Question

the two - column proof shown includes statements and reasons that are not in the correct order to prove that ∠feg≅∠hei.
step #\tstatement\treason
1.\tm∠feg = m∠hei\tsubtraction property of equality
2.\tm∠feg + m∠geh = m∠hei + m∠geh\tsubstitution property of equality
3.\t∠feh≅∠gei\tgiven
4.\tm∠feh = m∠feg + m∠geh and m∠gei = m∠hei + m∠geh\tangle addition postulate
5.\t∠feg≅∠hei\tdefinition of congruence
6.\tm∠feh = m∠gei\tdefinition of congruence
which sequence puts the steps in the correct order to prove that ∠feg≅∠hei?
3,6,4,2,1,5
3,4,6,2,1,5
3,1,4,2,6,5
3,4,1,2,6,5

Explanation:

Step1: Start with given

We start with the given information $\angle FEH\cong\angle GEI$. So the first step is statement 3.
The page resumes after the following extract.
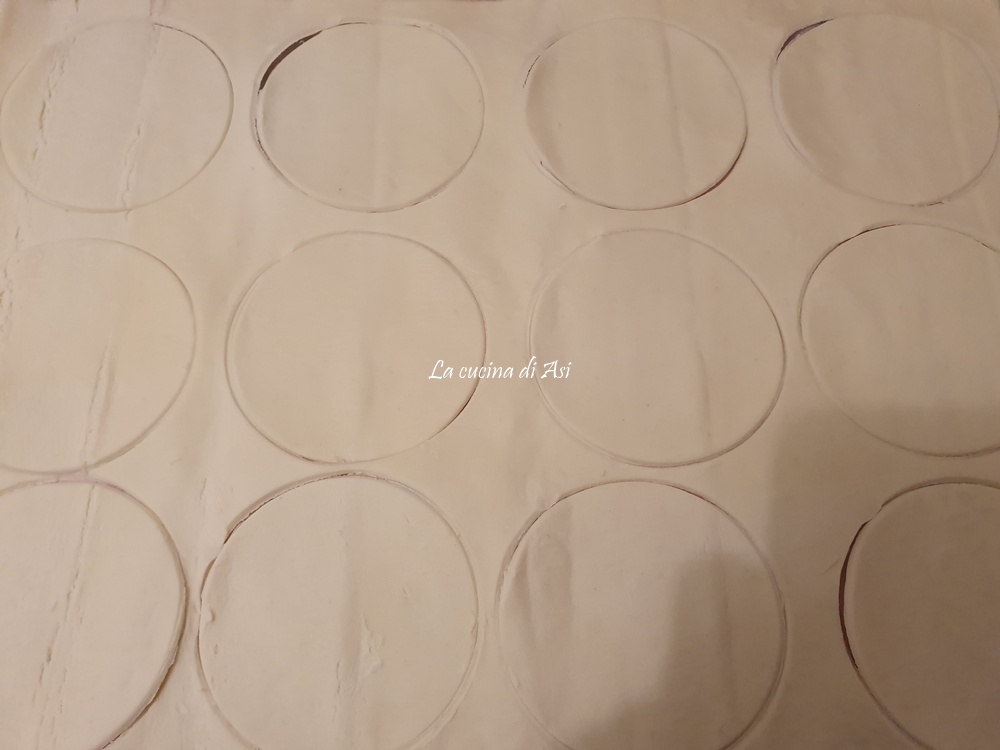 Utilizzare un piccolo coppapasta per ricavare tanti cerchietti come quelli visibili in foto.

Step2: Use congruence - definition

By the definition of congruence, if $\angle FEH\cong\angle GEI$, then $m\angle FEH = m\angle GEI$. So the second step is statement 6.

Step3: Apply angle - addition postulate

We know from the angle - addition postulate that $m\angle FEH=m\angle FEG + m\angle GEH$ and $m\angle GEI=m\angle HEI + m\angle GEH$. So the third step is statement 4.

Step4: Use substitution

Substitute the expressions from step 3 into the equation from step 2, we get $m\angle FEG + m\angle GEH=m\angle HEI + m\angle GEH$. So the fourth step is statement 2.

Step5: Apply subtraction property

Using the subtraction property of equality, subtract $m\angle GEH$ from both sides of the equation in step 4 to get $m\angle FEG=m\angle HEI$. So the fifth step is statement 1.

Step6: Use congruence - definition again

By the definition of congruence, if $m\angle FEG=m\angle HEI$, then $\angle FEG\cong\angle HEI$. So the sixth step is statement 5.

Answer:

3, 6, 4, 2, 1, 5